Nargis has witnessed both the good days and the bad days in Afghanistan. She remembers the good times she had with her friends and siblings when she was a teenager attending Sooria High School: “Walking to school was safe and shopping at the market was fun. We dressed however we wanted to until the war began.”
The invasion of the Soviet army in 1979 was one of the first wars that broke Afghanistan into small pieces. Despite the war-torn environment, Nargis graduated from high school and attended Kabul University for two years. As the war continued, a lot of families fled Afghanistan and migrated to Iran, Pakistan, and India. Nargis’s father fled to Pakistan. Before leaving, he arranged a marriage for Nargis to his friend’s son and left her in Afghanistan as a newlywed. With eight other children to support, her father considered the marriage to be the safest choice for Nargis; young girls could get raped and killed if they didn’t have a strong support system.
Today, Afghanistan is still broken. Although there isn’t a war, there is also no peace. The Taliban frequently sends suicide bombers to terrorize Kabul. Any individual born in Afghanistan has witnessed the brutality of war. Nargis has witnessed many such incidents. There are constant bomb threats in the city and at the school where she teaches.
Recently, Nargis witnessed a suicide bomb attack at an education center in the Dasht-e-Barchi neighborhood, which left many injured and 34 dead. She was particularly disturbed by this event because she had been planning on enrolling her eldest son at that center, and says there is now no safe option for furthering his education. With a shaky voice, she told me: “The students were taking their university exams and the attack happened at that moment; those were all innocent children trying to make a better future for themselves. I will send you the students’ pictures that died during the bomb attack.”
Hearing Nargis’s sad voice affected me deeply because I understand her pain. When I think about school bombings in Afghanistan, I also consider the school shootings in the United States. The images of young victims are so hard to view. It makes one feel like children are not safe anywhere, whether they are in Afghanistan, the United States, or so many other places around the world where violence touches the lives of young people.
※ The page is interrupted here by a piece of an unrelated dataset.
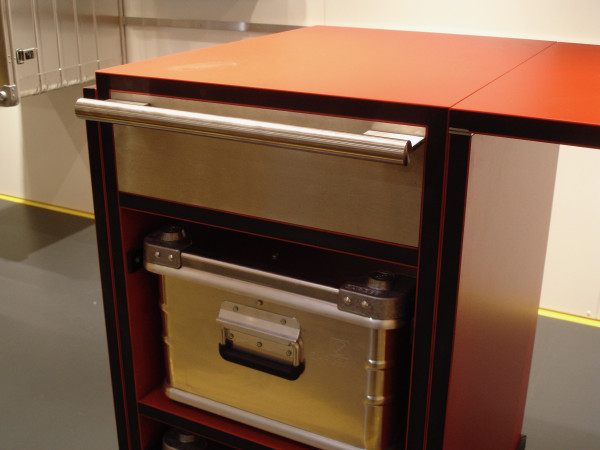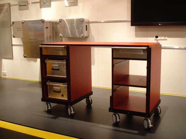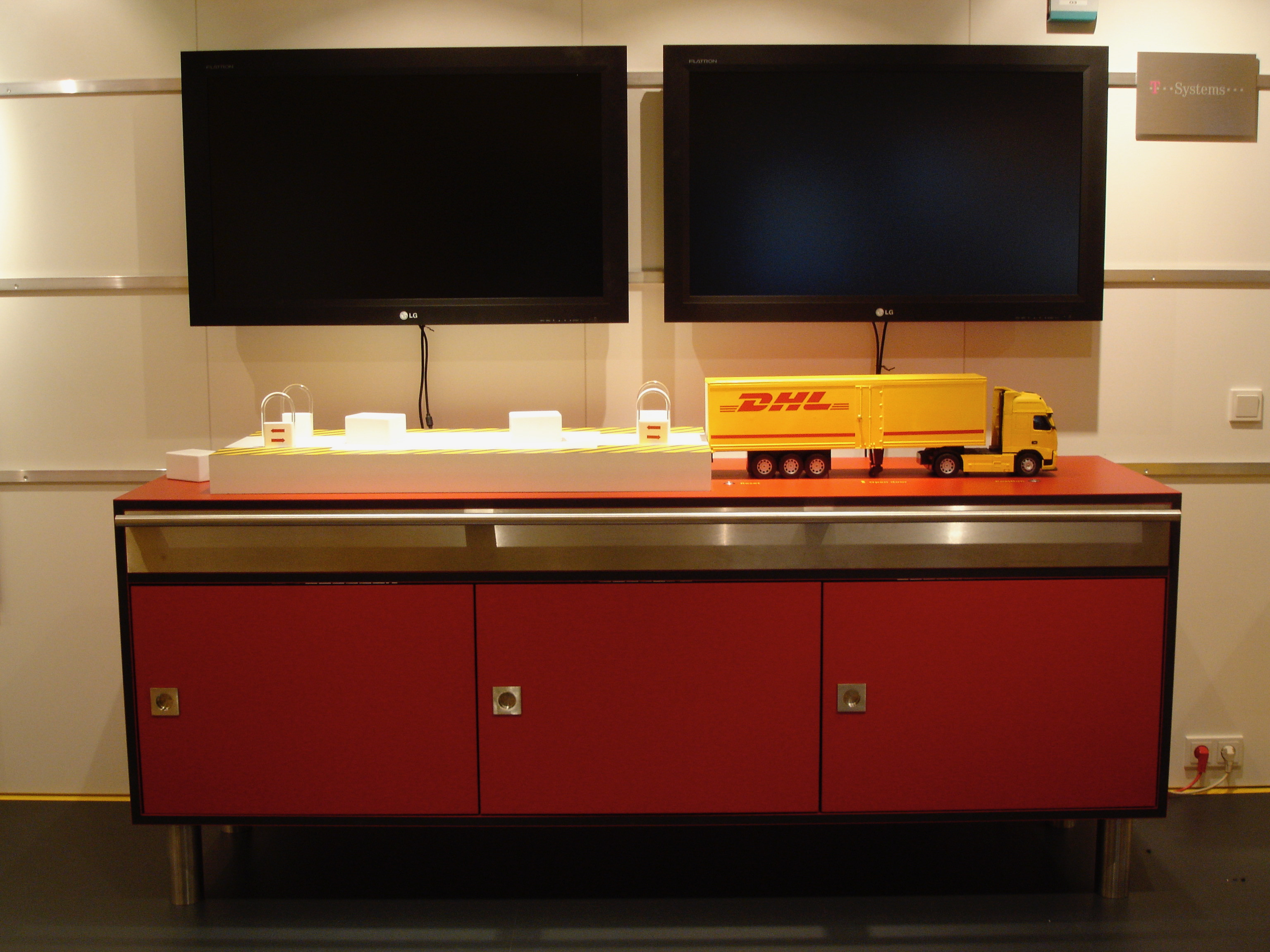Diverse Edelstahlteile für DHL Präsentationsraum in einem Fracht-Container.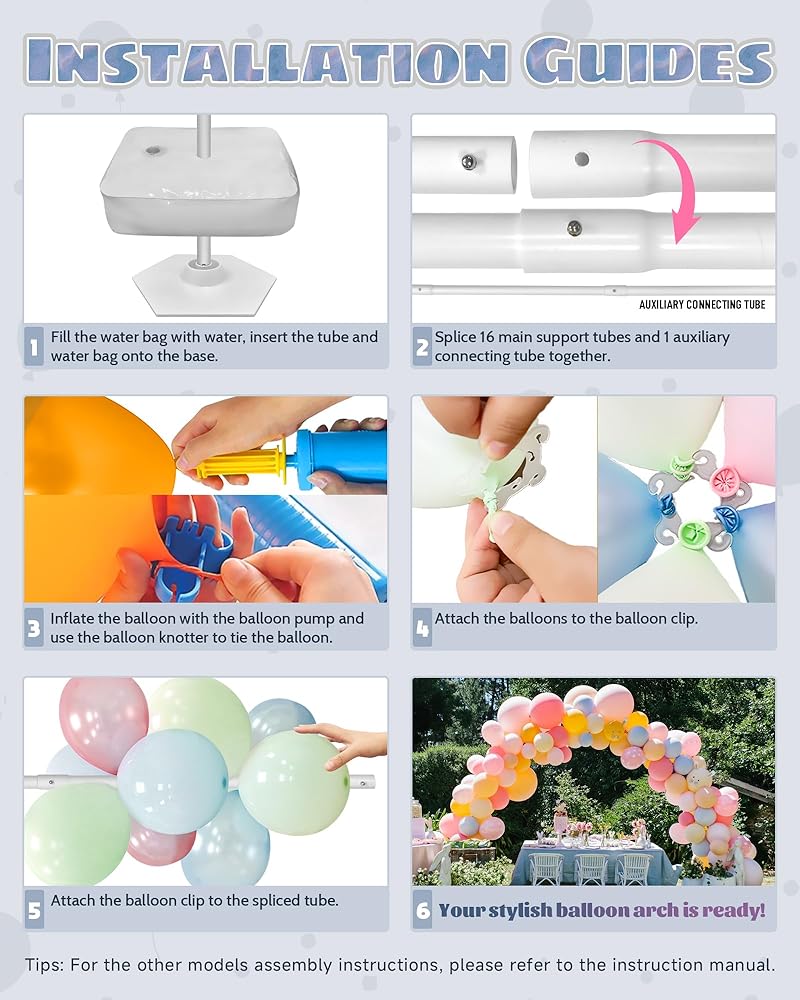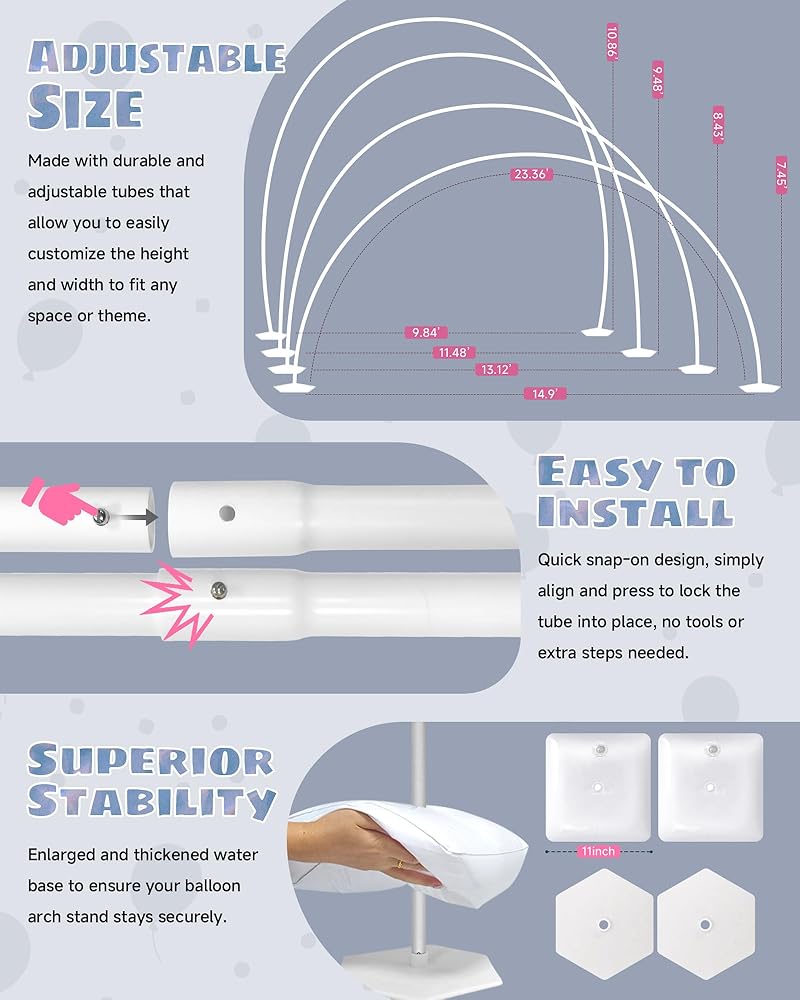 تجميع قابل للتعديل وسهل: اصنع قوس البالونات الذي تحلم به في دقائق! استمتع بالحجم القابل للتخصيص بالكامل من خلال إطارنا المصمم بدقة: قم ببناء أقواس بعرض يتراوح من 9.84 قدمًا إلى 14.9 قدمًا وطول 7.45 قدمًا إلى 10.86 قدمًا، أو قم بإعداد أعمدة بالونية يتراوح ارتفاعها من 6.5 قدمًا إلى 11.68 قدمًا. بفضل دليل واضح خطوة بخطوة ووصلات خالية من الأدوات، يعد إعداد وتفكيك إطار قوس البالون القوي هذا أمرًا بسيطًا للغاية بحيث يمكن لأي شخص الحصول على مظهر مثالي للحفلات دون أي ضغوط.

Nargis teaches 4th-6th-grade language arts at Abdul Rahim Shaheed school in Dasht-e-Barchi. She explains that her students often miss school because they are afraid to leave their homes. Many of her students have lost family members to bombings. I was very curious about the emotional support available to children in Afghanistan, particularly with regard to the frequent suicide bombs. Nargis explained, “I try my best to explain the topic of death and show support to students who have lost a family member.” When I asked her whether students received in-school counseling services, she almost chuckled and said, “We don’t have that in our schools, everybody deals with their own problems.”
Nargis Turkmani celebrating International Teachers Day with her students.
When I visited Afghanistan in 2016, I could see that schools are very basic in Kabul city; they have limited school supplies and no counseling services or individualized education programs (IEPs) for students in need. The school supplies include: a blackboard, chalk, attendance folder for the teacher, and a book, a notebook, and a pencil for the student.
With limited supplies and families’ concern about safety, I wondered how Nargis motivates them to attend school. She explained, “Often, I talk to the students in a group about things we are thankful for. I also tell them about students in Japan who didn’t stop getting their education during WWII, continuing their studies underground.” Her teaching style emphasizes being strong and becoming better individuals.
It broke my heart hearing about what my sister Nargis and her students go through every day. Hearing my sister’s story, I want to show support for her and her students, but there is only a little I can do. Nargis is very fearless and powerful; she is standing strong to support her family, and also her students.